> **TASK ITEM**
Leaving out the images, transcribe every record below exactly.

> **DATA EXTRACTS**
■ ■ ■

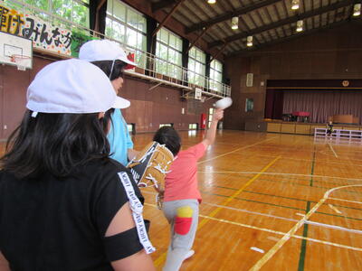 少しずつボールの投げ方がのコツが身につき、二人とも距離が伸びてきましたね。
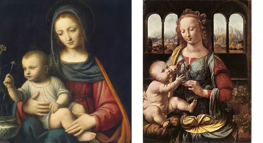 左图《康乃馨和圣母》、右图《持康乃馨的圣母》
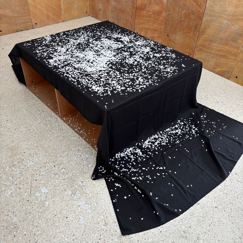 A través del método Iconográfico de Panofski analizaremos la primera etapa de este proyecto se realizó una instalación consiente en un espacio delimitado que contiene una capa extensa de confeti multicolor, creado mediante la trituración meticulosa de treinta páginas de diarios íntimos. Los fragmentos conservan trazos irregulares de tinta manuscrita visible. La obra invita al espectador a ingresar en este territorio, interactuar con el material, caminar sobre él y experimentar sensorialmente su textura. Como un análisis simbolico de los elementos encontrados en la pieza, tenemos el confeti, que simboliza celebración, festividad y alegría socialmente esperada, estos diarios triturados que representan la intimidad vulnerada, la confesión fragmentada, la trituración, alegoria directa a la destrucción controlada de lo privado, un espacio delimitado, actúa como campo ritual donde se desarrolla esta realidad. La pieza construye una alegoría sobre el mandato social de transformar nuestras vulnerabilidades en algo aparentemente festivo, representando visualmente la positividad tóxica contemporánea. Dentro del significado intrínseco se llega al nivel más profundo de la obra ya que revela la violencia simbólica que ejercen las expectativas sociales. En esta ironia central (confeti hecho de confesiones) sintetiza lo que la sociología denomina la ruptura entre el frente escénico público y el backstage privado. El significado esencial no reside en la festividad aparente, sino en el desgaste emocional de la actuación social constante. La trituración de los diarios materializa el proceso de autocensura y fragmentación del yo que realizamos para ser socialmente aceptados. Al convertir al espectador en un Ciudadanos del anonimato que interactúa lúdicamente con estos vestigios íntimos, la obra lo confronta con su propia complicidad en un sistema que valora más la apariencia de bienestar que la autenticidad emocional. Así, la instalación se crea como crítica al pacto social del silencio, donde lo exhibido (el confeti festivo) constituye, ironicamente, un monumento a todo aquello que debe ser destruido y silenciado (las páginas del diario) para mantener la cohesión de la fachada colectiva.
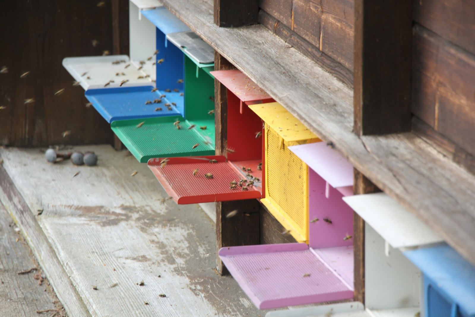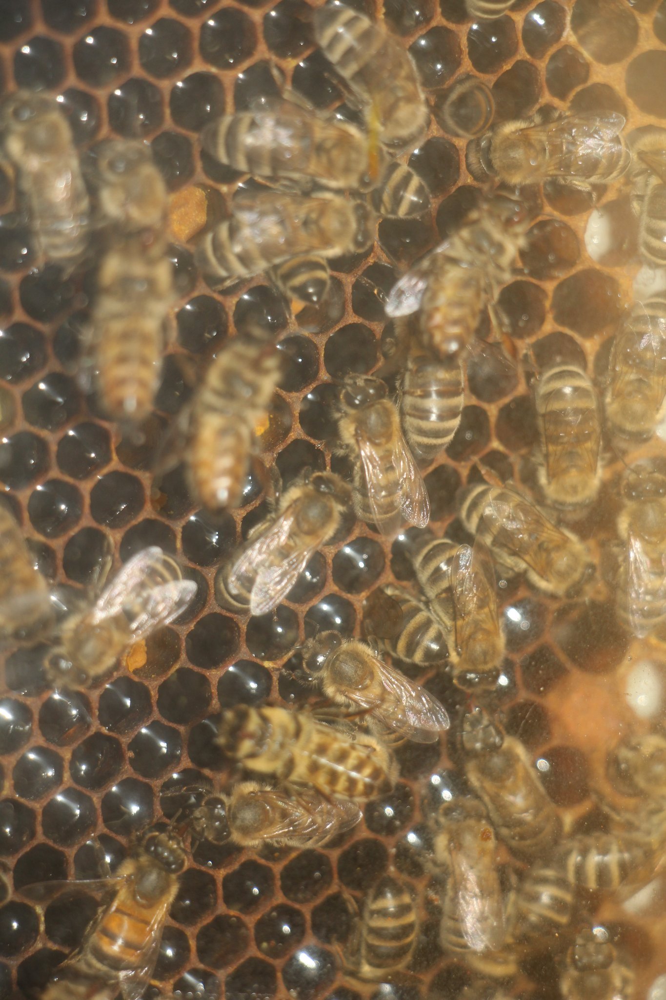Bienen lagern Nektar und Pollen mehrmals in ihren Waben um und verdeckeln sie schliesslich. Es handelt sich um Vorrat für den Winter. Der Imker erklärt: «Ich pflege meine Bienen in Schweizer Kästen.» Das sind schmale Holzkästen. Im Sommer werden in der oberen Hälfte dieser Kästen Honigwaben platziert. Er entnehme die oberen Waben, um Honig zu schleudern, die unteren belasse er bei den Bienen.
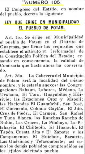 De la división territorial. Art 1°. El territorio del Estado, para su régimen interior, se divide en Distritos, municipalidades y comisarías, con arreglo a la Constitución del mismo. 2°. El número de Distritos en que el Estado queda dividido es el de nueve: el de las municipalidades, es el de los pueblo que lleguen a quinientos habitantes; y el de las comisarías, el de los pueblos, aldeas o congregaciones, haciendas y ranchos que no lleguen a este número. Art. 6°. La demarcación del Distrito de Guaymas, comprenderá las poblaciones siguientes. Ciudad de Guaymas. Villa de San José, pueblo de Buenavista, pueblo de Cumuripa, pueblo de Cócorit, pueblo de Bácum, pueblo de Tórim, pueblo de Vícam, pueblo de Pótam, pueblo de Rahúm, pueblo de Huirivis, pueblo de Belem. Esta Ley se publica en tres números del periódico oficial "La Estrella del Occidente", en el 142, 144 y 413
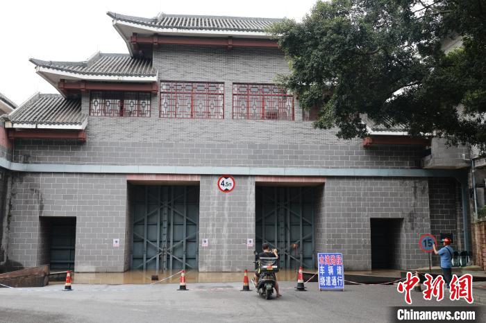 6月19日9时40分,广西柳江柳州水文站出现86.3米洪峰水位,超警戒水位3.8米。洪峰来袭,柳州沿江低洼地段被浸泡在洪水中,沿河居民区被淹至二楼。柳州相关部门出动快艇,穿梭在浑浊的洪水中,转移有需要的受困民众。图为柳州市沿江路段一处防洪闸关闸。 中新社记者林馨摄
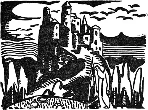 The castle was built entirely of lead. The twelve ravens circled above it and in front of it stood an old woman leaning on a long leaden staff. She was a Yezibaba. Now you must know that a Yezibaba is an ugly old witch with a hooked nose, a bristly face, and long scrawny hands. She’s a bad old thing usually, but sometimes, if you take her fancy, she’s kind.
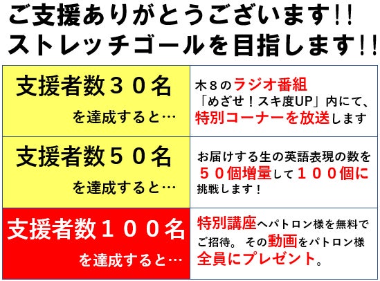 お届けする生の英語表現の数を50個増量して、100個お届けすることに挑戦します。
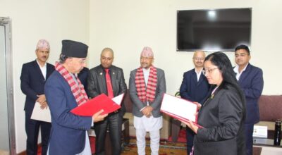 २७ चैत, काठमाडौं । सांग्रिला डेभलपमेन्ट बैंक लिमिटेडका अध्यक्ष उज्ज्वल सत्यालले पद तथा गोपनियताको शपथ ग्रहण
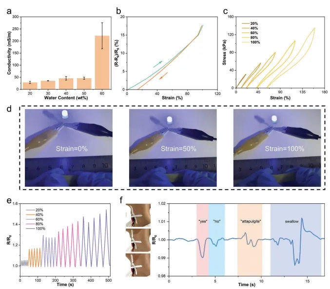 改性凹凸棒土增强的离子导电水凝胶的电学性能,包括其在不同含水量下的导电性、在拉伸过程中的电阻变化、以及在循环拉伸中的应变传感性能。实验发现,水凝胶的导电性随着含水量的增加而提高,且在0%至90%的应变范围内具有线性响应,表现出良好的应变传感特性。此外,利用这些水凝胶制造的生物传感器能够检测人体喉结的运动,如在说话和吞咽过程中的上下移动,显示出在生物传感领域应用的潜力。
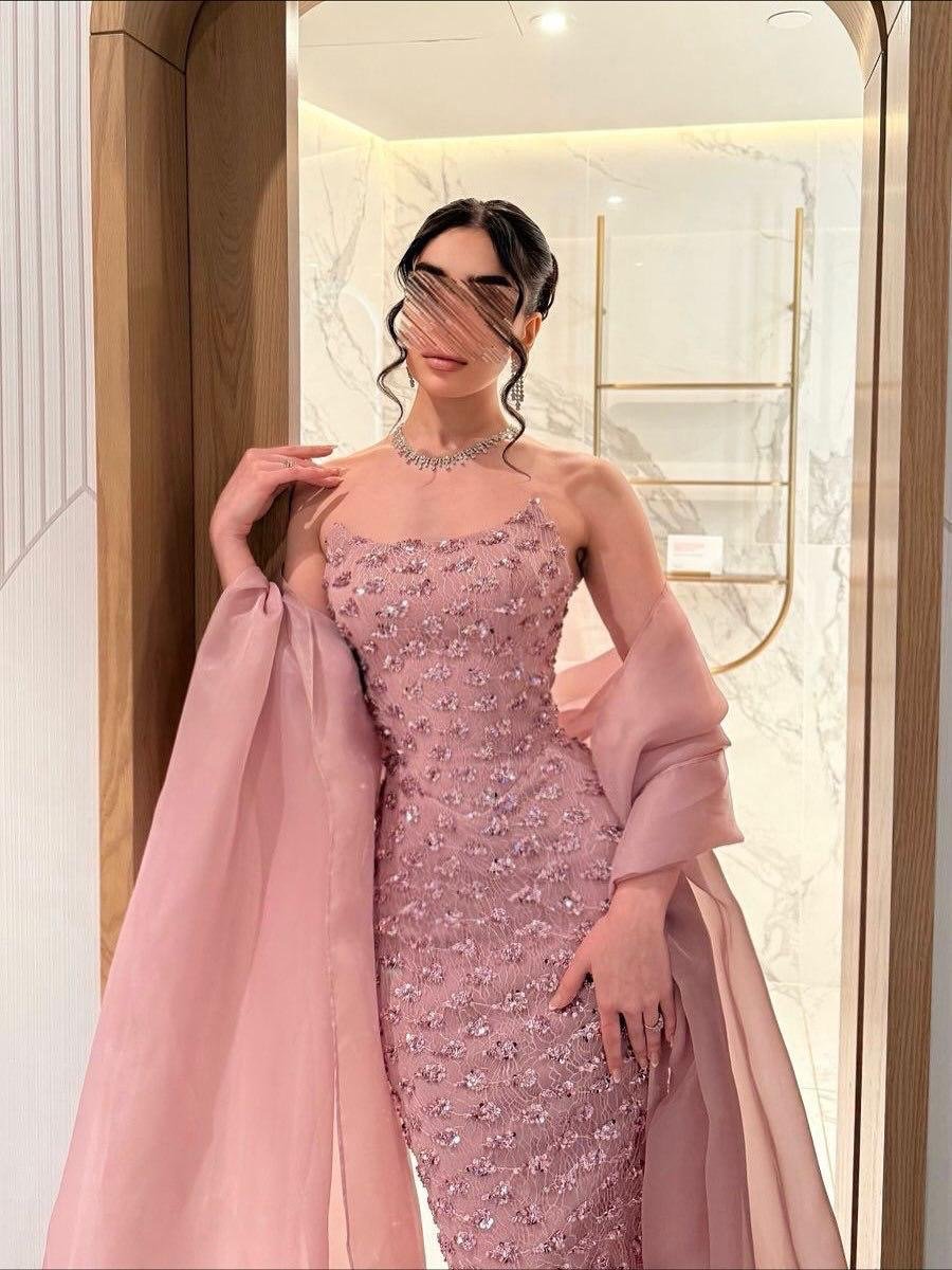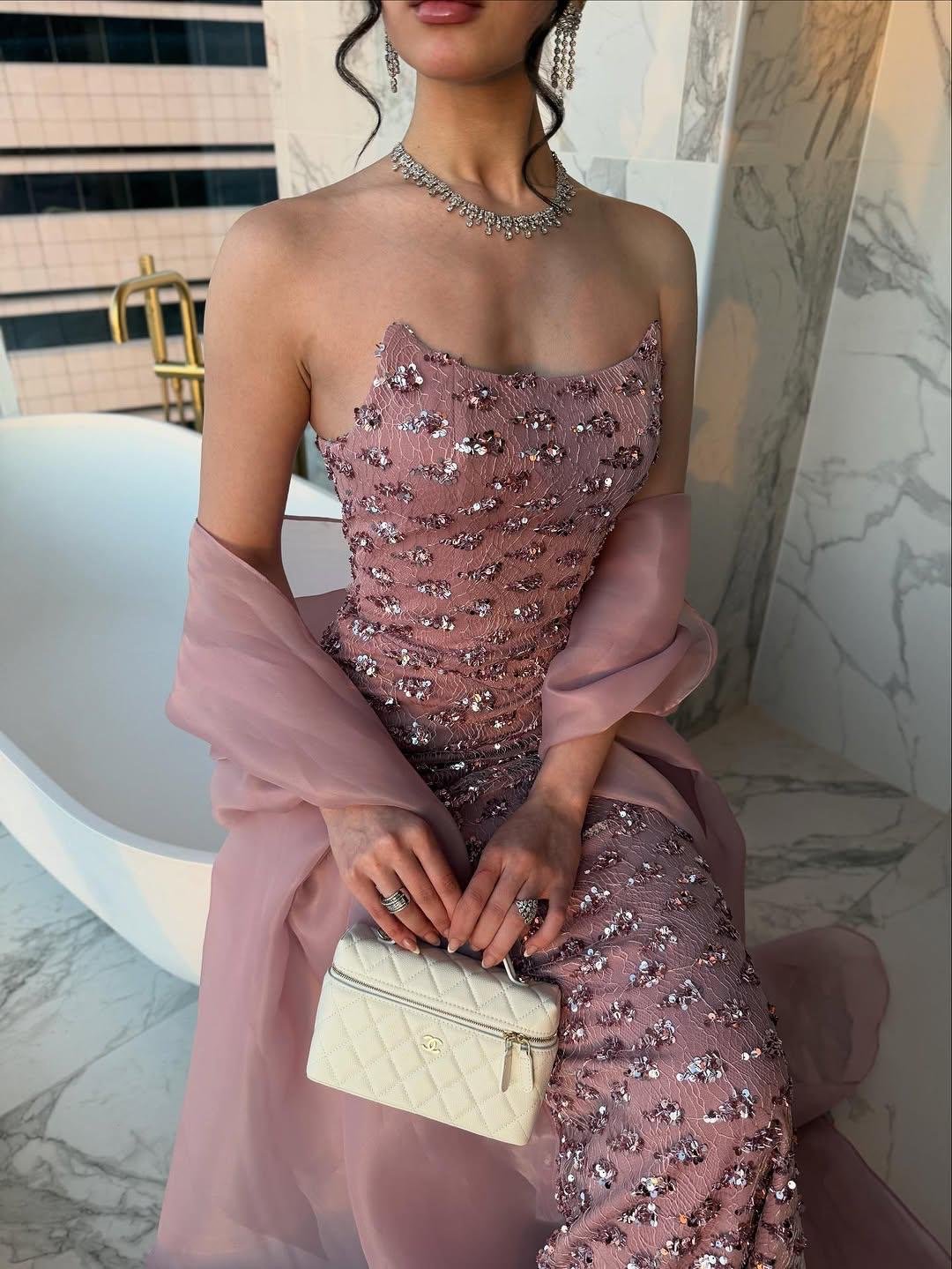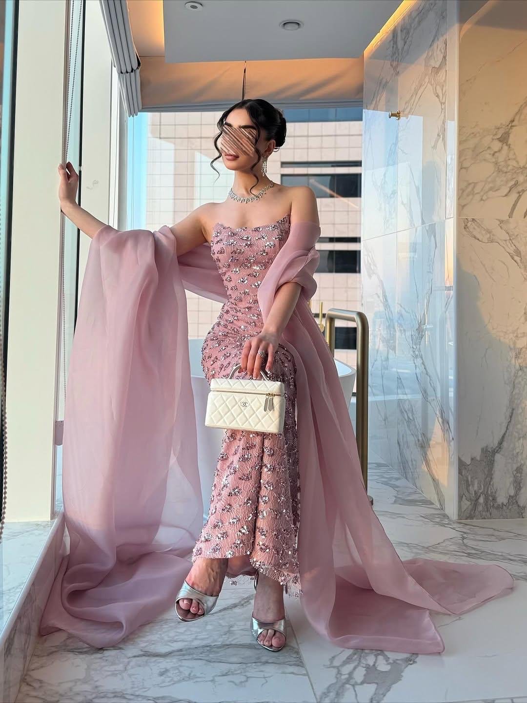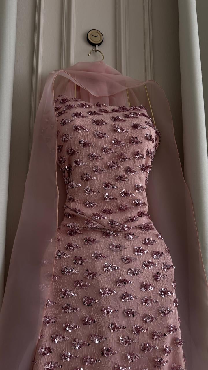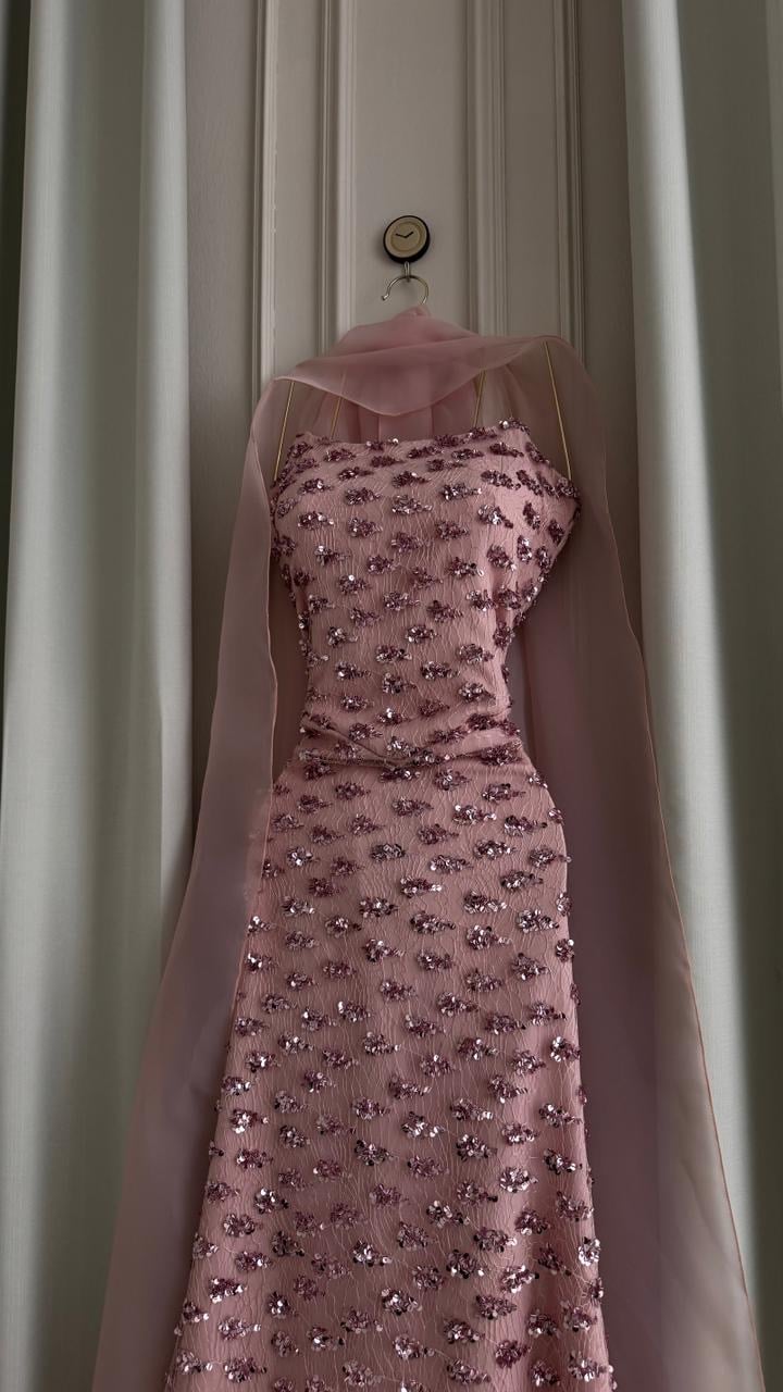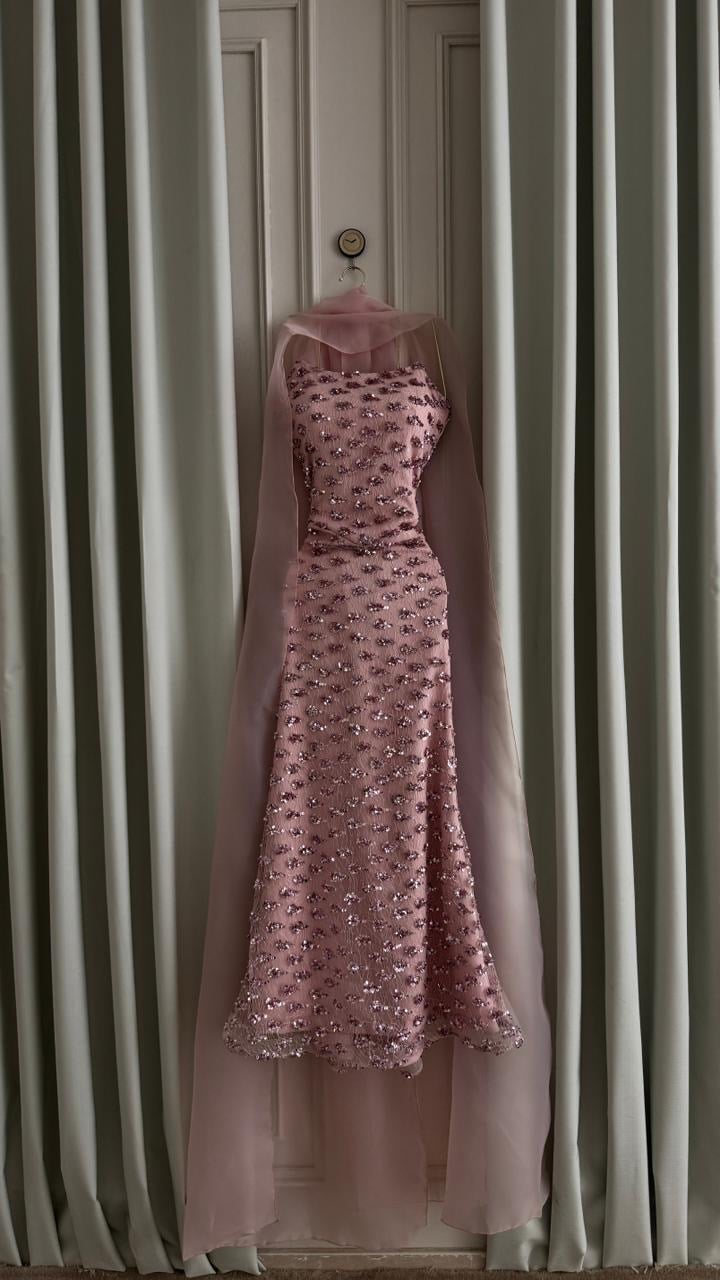 فستان وردي ساحر يعكس أنوثة حالمة وفخامة راقية.
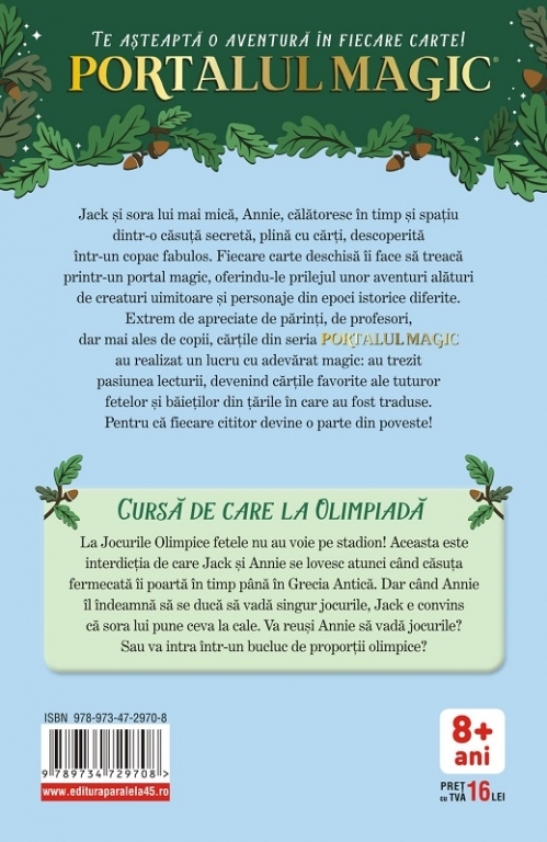 Comandă online cartea "Cursă de care la Olimpiadă. Portalul Magic nr. 16" la 23,26 lei Magic Tree House #16. Hour of the Olympics isbn 9789734729708, tiparită la editura Paralela 45 face parte din colecția SERIA PORTALUL MAGIC. Cartea poate fi livrată în circa 2 zile cu plata ramburs sau online cu cardul.
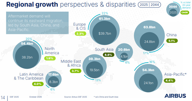 These slides are from Airbus’ GSF, and China’s aftermarket industry today is the 3rd largest in the world, but will be the largest in twenty years. This is important too, that China’s market is considered separately from Asia-Pacific. Afterservices in China, plus Asia-Pacific, will grow to $112 billion in twenty years, which is over half of the total global demand.
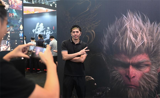 A visitor poses for photos at the booth of "Black Myth: Wukong" during the third Global Digital Trade Expo in Hangzhou, east China's Zhejiang Province, Sept. 25, 2024. (Xinhua/Huang Zongzhi)

■ ■ ■

> **ANSWER BOX**
 少しずつボールの投げ方がのコツが身につき、二人とも距離が伸びてきましたね。
 左图《康乃馨和圣母》、右图《持康乃馨的圣母》
 A través del método Iconográfico de Panofski analizaremos la primera etapa de este proyecto se realizó una instalación consiente en un espacio delimitado que contiene una capa extensa de confeti multicolor, creado mediante la trituración meticulosa de treinta páginas de diarios íntimos. Los fragmentos conservan trazos irregulares de tinta manuscrita visible. La obra invita al espectador a ingresar en este territorio, interactuar con el material, caminar sobre él y experimentar sensorialmente su textura. Como un análisis simbolico de los elementos encontrados en la pieza, tenemos el confeti, que simboliza celebración, festividad y alegría socialmente esperada, estos diarios triturados que representan la intimidad vulnerada, la confesión fragmentada, la trituración, alegoria directa a la destrucción controlada de lo privado, un espacio delimitado, actúa como campo ritual donde se desarrolla esta realidad. La pieza construye una alegoría sobre el mandato social de transformar nuestras vulnerabilidades en algo aparentemente festivo, representando visualmente la positividad tóxica contemporánea. Dentro del significado intrínseco se llega al nivel más profundo de la obra ya que revela la violencia simbólica que ejercen las expectativas sociales. En esta ironia central (confeti hecho de confesiones) sintetiza lo que la sociología denomina la ruptura entre el frente escénico público y el backstage privado. El significado esencial no reside en la festividad aparente, sino en el desgaste emocional de la actuación social constante. La trituración de los diarios materializa el proceso de autocensura y fragmentación del yo que realizamos para ser socialmente aceptados. Al convertir al espectador en un Ciudadanos del anonimato que interactúa lúdicamente con estos vestigios íntimos, la obra lo confronta con su propia complicidad en un sistema que valora más la apariencia de bienestar que la autenticidad emocional. Así, la instalación se crea como crítica al pacto social del silencio, donde lo exhibido (el confeti festivo) constituye, ironicamente, un monumento a todo aquello que debe ser destruido y silenciado (las páginas del diario) para mantener la cohesión de la fachada colectiva.
Bienen lagern Nektar und Pollen mehrmals in ihren Waben um und verdeckeln sie schliesslich. Es handelt sich um Vorrat für den Winter. Der Imker erklärt: «Ich pflege meine Bienen in Schweizer Kästen.» Das sind schmale Holzkästen. Im Sommer werden in der oberen Hälfte dieser Kästen Honigwaben platziert. Er entnehme die oberen Waben, um Honig zu schleudern, die unteren belasse er bei den Bienen.
 De la división territorial. Art 1°. El territorio del Estado, para su régimen interior, se divide en Distritos, municipalidades y comisarías, con arreglo a la Constitución del mismo. 2°. El número de Distritos en que el Estado queda dividido es el de nueve: el de las municipalidades, es el de los pueblo que lleguen a quinientos habitantes; y el de las comisarías, el de los pueblos, aldeas o congregaciones, haciendas y ranchos que no lleguen a este número. Art. 6°. La demarcación del Distrito de Guaymas, comprenderá las poblaciones siguientes. Ciudad de Guaymas. Villa de San José, pueblo de Buenavista, pueblo de Cumuripa, pueblo de Cócorit, pueblo de Bácum, pueblo de Tórim, pueblo de Vícam, pueblo de Pótam, pueblo de Rahúm, pueblo de Huirivis, pueblo de Belem. Esta Ley se publica en tres números del periódico oficial "La Estrella del Occidente", en el 142, 144 y 413
 6月19日9时40分,广西柳江柳州水文站出现86.3米洪峰水位,超警戒水位3.8米。洪峰来袭,柳州沿江低洼地段被浸泡在洪水中,沿河居民区被淹至二楼。柳州相关部门出动快艇,穿梭在浑浊的洪水中,转移有需要的受困民众。图为柳州市沿江路段一处防洪闸关闸。 中新社记者林馨摄
 The castle was built entirely of lead. The twelve ravens circled above it and in front of it stood an old woman leaning on a long leaden staff. She was a Yezibaba. Now you must know that a Yezibaba is an ugly old witch with a hooked nose, a bristly face, and long scrawny hands. She’s a bad old thing usually, but sometimes, if you take her fancy, she’s kind.
 お届けする生の英語表現の数を50個増量して、100個お届けすることに挑戦します。
 २७ चैत, काठमाडौं । सांग्रिला डेभलपमेन्ट बैंक लिमिटेडका अध्यक्ष उज्ज्वल सत्यालले पद तथा गोपनियताको शपथ ग्रहण
 改性凹凸棒土增强的离子导电水凝胶的电学性能,包括其在不同含水量下的导电性、在拉伸过程中的电阻变化、以及在循环拉伸中的应变传感性能。实验发现,水凝胶的导电性随着含水量的增加而提高,且在0%至90%的应变范围内具有线性响应,表现出良好的应变传感特性。此外,利用这些水凝胶制造的生物传感器能够检测人体喉结的运动,如在说话和吞咽过程中的上下移动,显示出在生物传感领域应用的潜力。
 فستان وردي ساحر يعكس أنوثة حالمة وفخامة راقية.
 Comandă online cartea "Cursă de care la Olimpiadă. Portalul Magic nr. 16" la 23,26 lei Magic Tree House #16. Hour of the Olympics isbn 9789734729708, tiparită la editura Paralela 45 face parte din colecția SERIA PORTALUL MAGIC. Cartea poate fi livrată în circa 2 zile cu plata ramburs sau online cu cardul.
 These slides are from Airbus’ GSF, and China’s aftermarket industry today is the 3rd largest in the world, but will be the largest in twenty years. This is important too, that China’s market is considered separately from Asia-Pacific. Afterservices in China, plus Asia-Pacific, will grow to $112 billion in twenty years, which is over half of the total global demand.
 A visitor poses for photos at the booth of "Black Myth: Wukong" during the third Global Digital Trade Expo in Hangzhou, east China's Zhejiang Province, Sept. 25, 2024. (Xinhua/Huang Zongzhi)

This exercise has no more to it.